§ **TASK OBJECTIVE**: Your answer should hold exactly the lines below from the line with "PzH 2000 Önjáró Tüzérségi Ágyú - számfestő" through the line with "NEW Lulus Afterglow", both included, and no pictures at all.

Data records
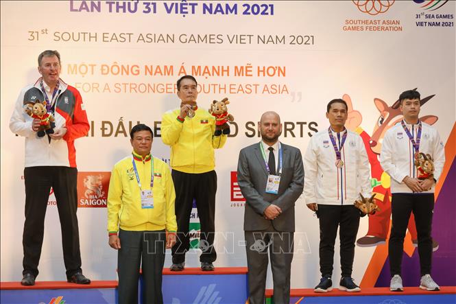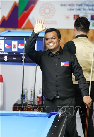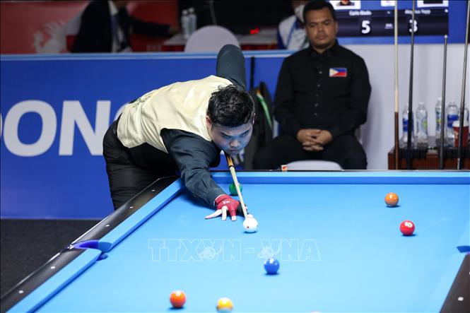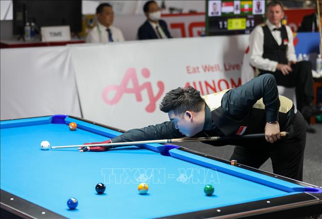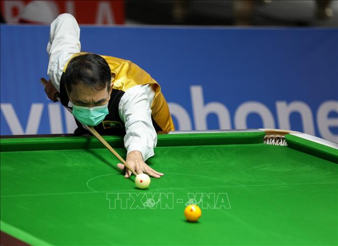 Ngày 17/5/2022, tại Nhà thi đấu Hà Đông (Hà Nội) tiếp tục diễn ra các trận thi đấu môn Billiard snooker ở SEA Games 31. Ảnh: Khánh Hoà - TTXVN
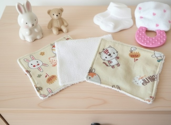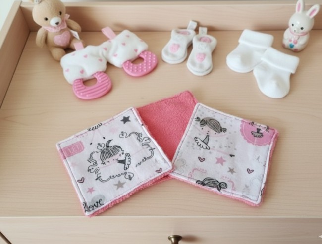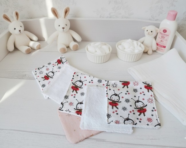 Un peu de douceur pour le change de bébé avec cette jolie petite boite de de 6 lingettes lavables
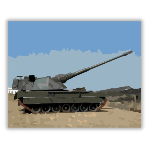 PzH 2000 Önjáró Tüzérségi Ágyú - számfestő készlet – 40×50 cm (Keret nélkül) A festmény egy PzH 2000 önjáró tüzérségi ágyút ábrázol, amely nyugodt mezőn áll. A kép színvilága zöld és barna árnyalatokkal dolgozik, harmonizálva a háttér kék égboltjával. A k
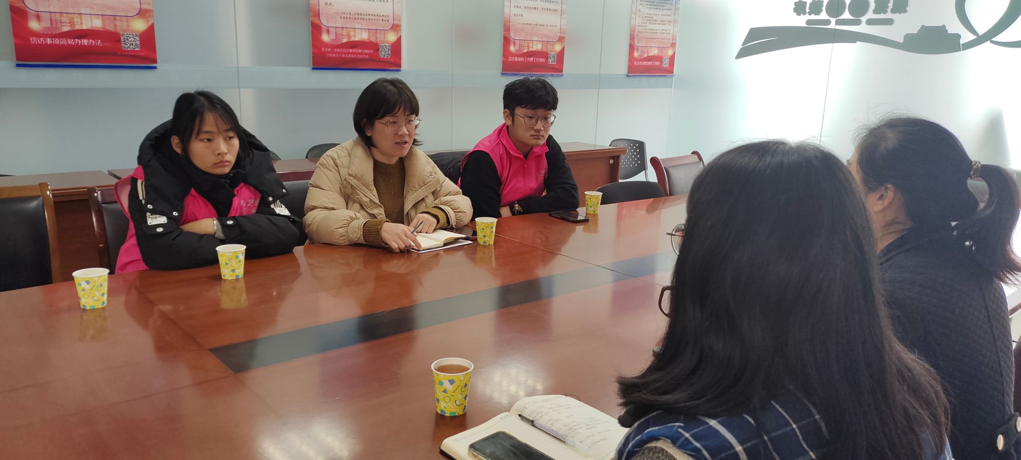 活动中,张晓霞重点分享了学院“养正”志愿者服务团队、“先锋研习社”学生社团以及暑期社会实践“探寻黔文化,共筑传承梦”传统文化考察团的相关品牌活动。城东街道团工委书记李曼重点从“养老助老”、“流动儿童之家”、“非遗传承——蓝印花布”、“老旧小区改造”等方面介绍了城东街道的工作新形势和新任务。双方围绕各自的资源优势与需求进行了深入的讨论和交流。
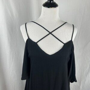 NEW Lulus Afterglow Strappy Cold Shoulder Shift Dress Women Large Black Mini
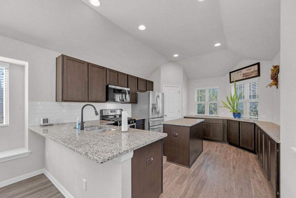 Stunning single-story home located in the highly coveted Sorento subdivision. Walk to Lake Pflugerville Lake and Park. Large open floor plan, modern kitchen with a huge granite island and stainless appliances. Wood look vinyl flooring throughout, with carpet only in the bedrooms. The primary bedroom features include 2 closets, large walk-in tile shower with benches and a double vanity. The courtyard of the home is perfect for entertaining guests. Enjoy high ceilings, recessed lighting, ceiling fans, a window seat and lots of windows. You'll love this beautiful community and convenient location. Located closed to major employers, great shopping and a new HEB. Enjoy Sorento community pool, walking and hike trails and so much more. Quick drive into Austin and Round Rock!
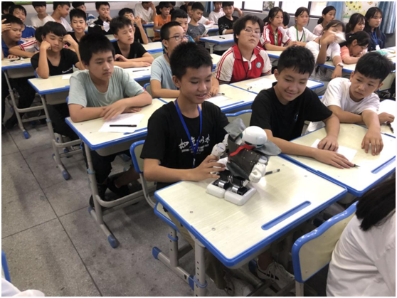 研究生徐晨曦在思源实验学校现场用实物为学生们做智能机器人的科普和展示。徐晨曦同学的研究方向为智能决策与机器人技术,他利用自己的技术特长为学生们现场展示了我校机器人创新实践基地研发的人形智能机器人,从原理、种类、用途等多个方面做了详细的介绍,并解答了同学们的疑问,同学们对此充满好奇,兴趣浓厚。
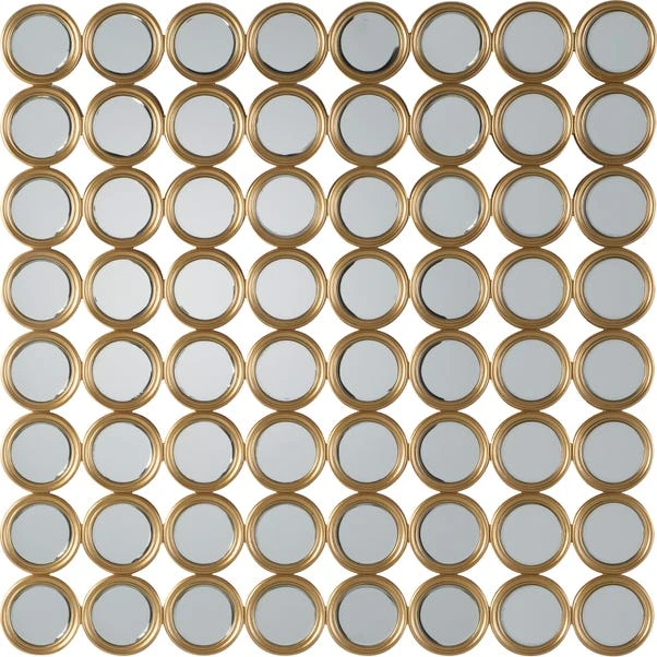 Add a statement piece to your home with this unique large accent mirror. The Larysa features 64 small circular mirror segments mounted in a luxurious gold finish frame, creating a stylish focal point in any room.
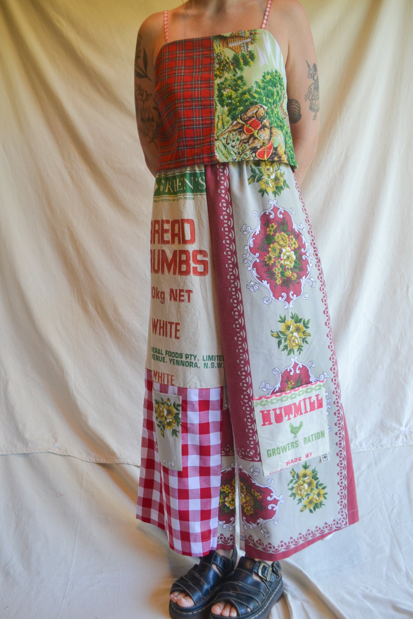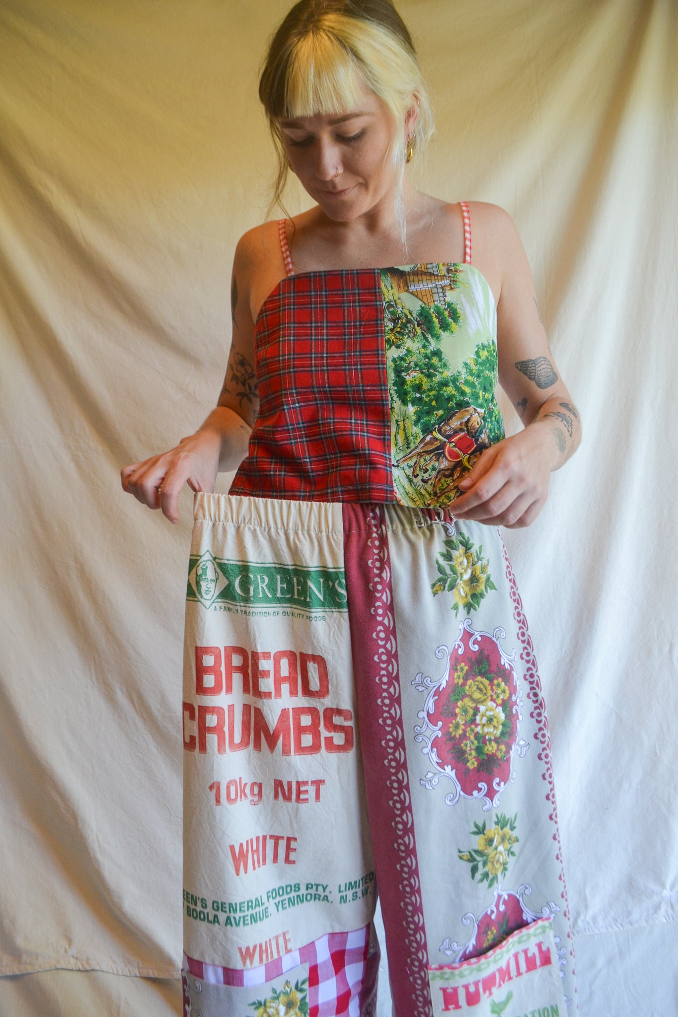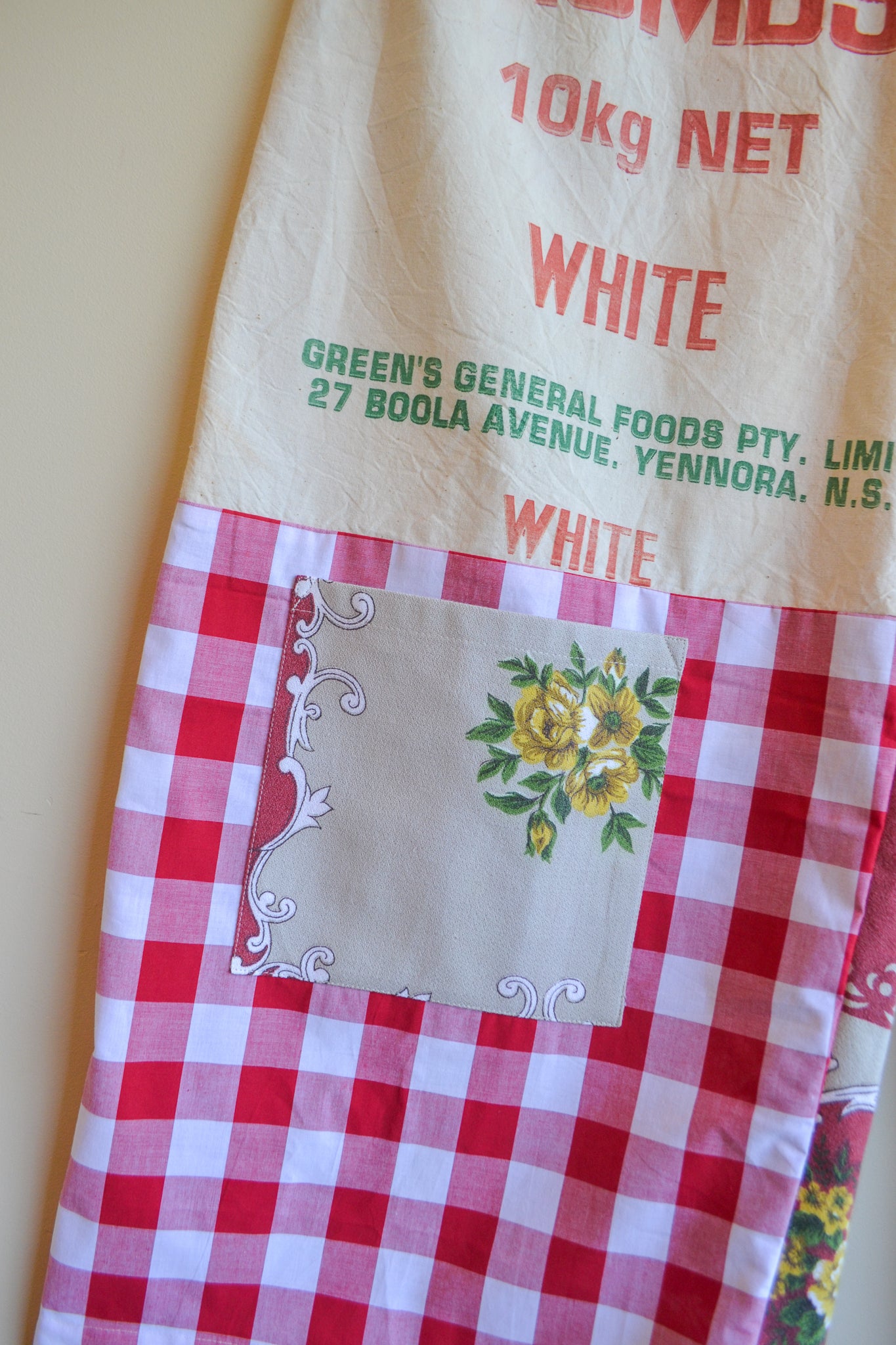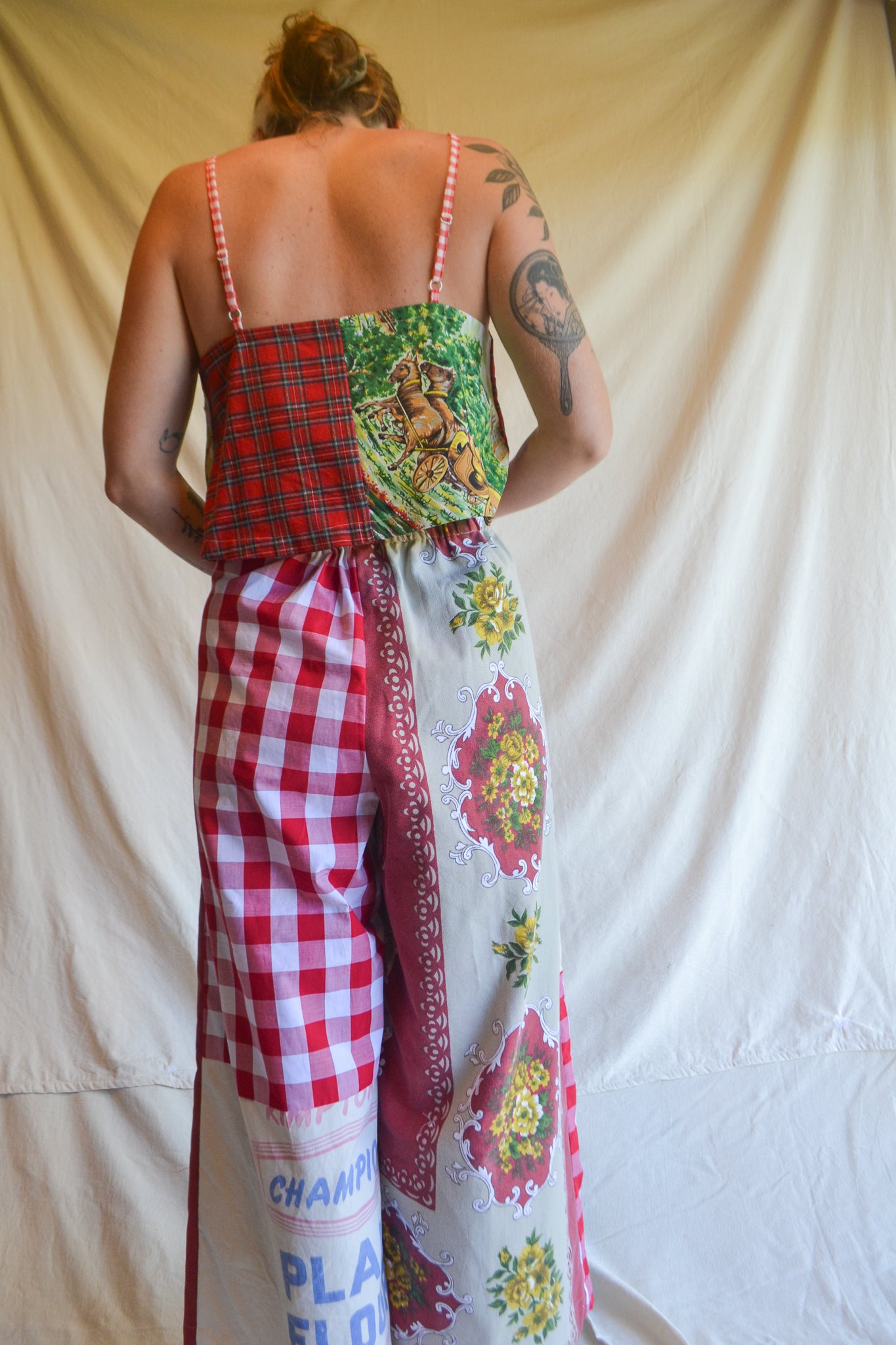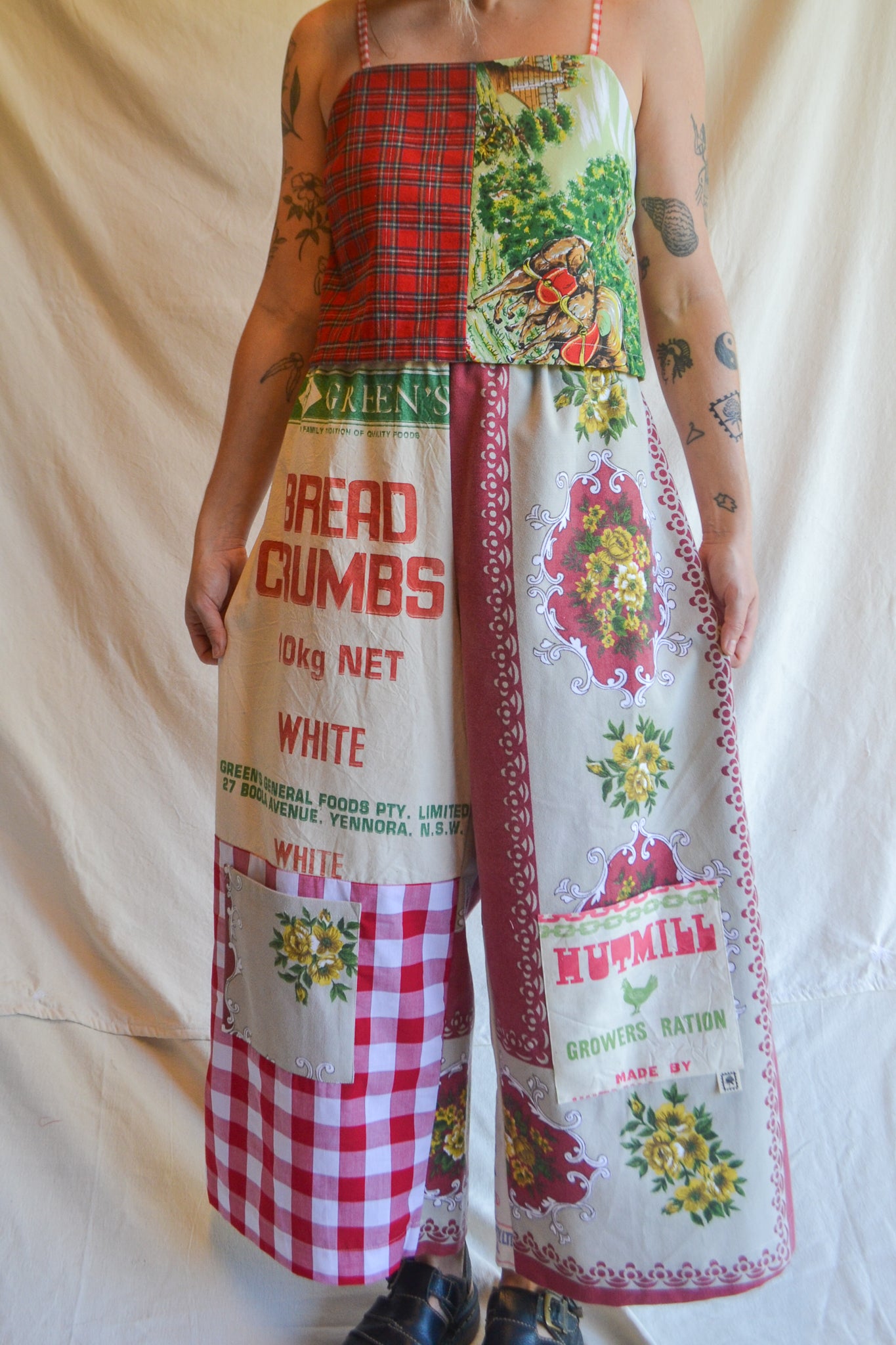 Our Growers, wide leg, high waist patch pants are a true one-of-a-kind statement piece. With our original playful design, A-line silhouette and patch pockets these pants provide ease and comfort. Crafted from vintage fabric and heritage flour sacks.
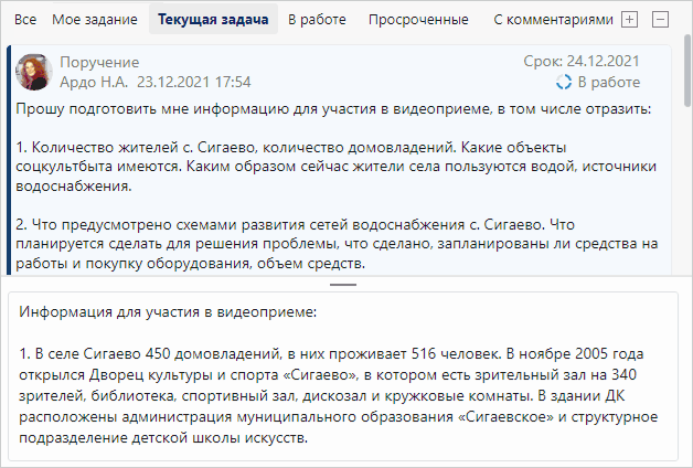 1.Откройте задание на исполнение поручения и ознакомьтесь с текстом поручения:

§ **PROBLEM SOLUTION**:
 PzH 2000 Önjáró Tüzérségi Ágyú - számfestő készlet – 40×50 cm (Keret nélkül) A festmény egy PzH 2000 önjáró tüzérségi ágyút ábrázol, amely nyugodt mezőn áll. A kép színvilága zöld és barna árnyalatokkal dolgozik, harmonizálva a háttér kék égboltjával. A k
 活动中,张晓霞重点分享了学院“养正”志愿者服务团队、“先锋研习社”学生社团以及暑期社会实践“探寻黔文化,共筑传承梦”传统文化考察团的相关品牌活动。城东街道团工委书记李曼重点从“养老助老”、“流动儿童之家”、“非遗传承——蓝印花布”、“老旧小区改造”等方面介绍了城东街道的工作新形势和新任务。双方围绕各自的资源优势与需求进行了深入的讨论和交流。
 NEW Lulus Afterglow Strappy Cold Shoulder Shift Dress Women Large Black Mini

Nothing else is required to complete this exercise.